Rohan advises mid-market and enterprise teams on ERP, CRM and custom software, and has led delivery on dozens of business-software builds.
Writes for Digital Heroes, shipping business software for 2,000+ brands across 55+ countries since 2017.
Frequently asked questions
Why not just keep everything in Retool and Airtable?
For short-lived or admin-only tools, do. The case to build comes when French-speaking floor staff depend on the tool daily, when you hit Airtable's volume ceiling, or when regulated work needs real audit trails Airtable can't provide.
Can one tool serve French floor staff and English HQ?
Yes, per-user language off a single dataset is standard in a custom build, so the maintenance tech sees French and the analyst at HQ sees English without two copies of the data.

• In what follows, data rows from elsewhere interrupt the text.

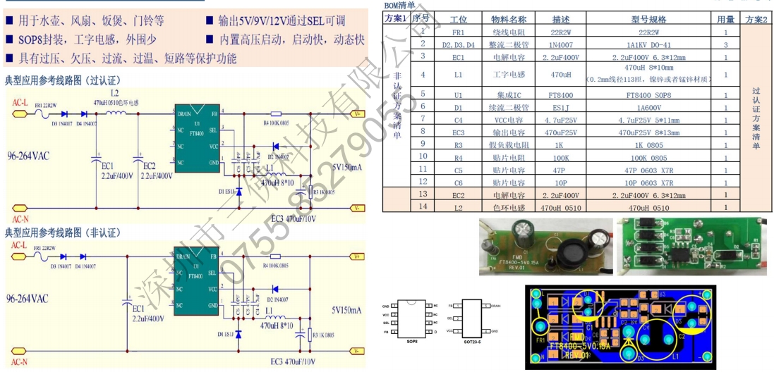 输出5V/9V/12V通过SEL可调,SOP8封装,工字电感,外围少内置高压启动,启动快,动态快具有过压、欠压、过流、过温、短路等?;すδ?。用于水壶、风扇、饭煲、门铃等。
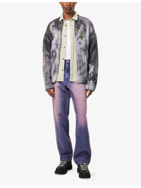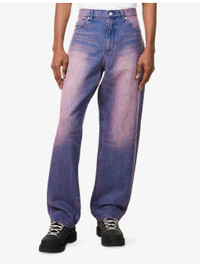 PRODUCT DETAILS - Awake NY denim jeans - 100% cotton - Exposed button and a concealed zip-fly fastening at front - Baggy fit, mid rise, five pockets, brand patch at back, all-over contrast top stitching, embroidered brad detailing at back, all-over colour wash effect - Machine wash cold - Size UK 32: rise 12.2in / 31cm, leg length 32.6in / 83cm, leg opening 17.3in / 44cm - Model is 6ft 2in/1.88m and wears a size UK 32 - Midweight, non-stretch Ref: R04460738
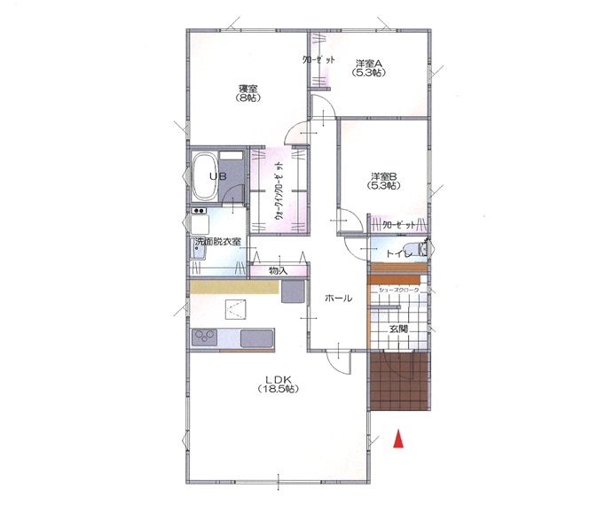 | 間取内訳 | LDK18.5帖 洋室8帖 洋室5.3帖 洋室5.3帖 | ||

How fast can we get a custom internal tool?
A single bilingual tool replacing a brittle Retool app takes two to four months. A full suite of floor and warehouse tools with audit trails runs four to six months.
Will it connect to our existing ERP?
Yes, direct integration with your ERP, inventory management, and warehouse management system is part of the build, so the tool reads and writes live data instead of duplicating it.
Is French really required for internal tools in Quebec?
Quebec's Charter makes French the language of work, so tools your employees use on the job are expected to be available in French. An English-only floor tool is a real compliance exposure, not just a usability gap.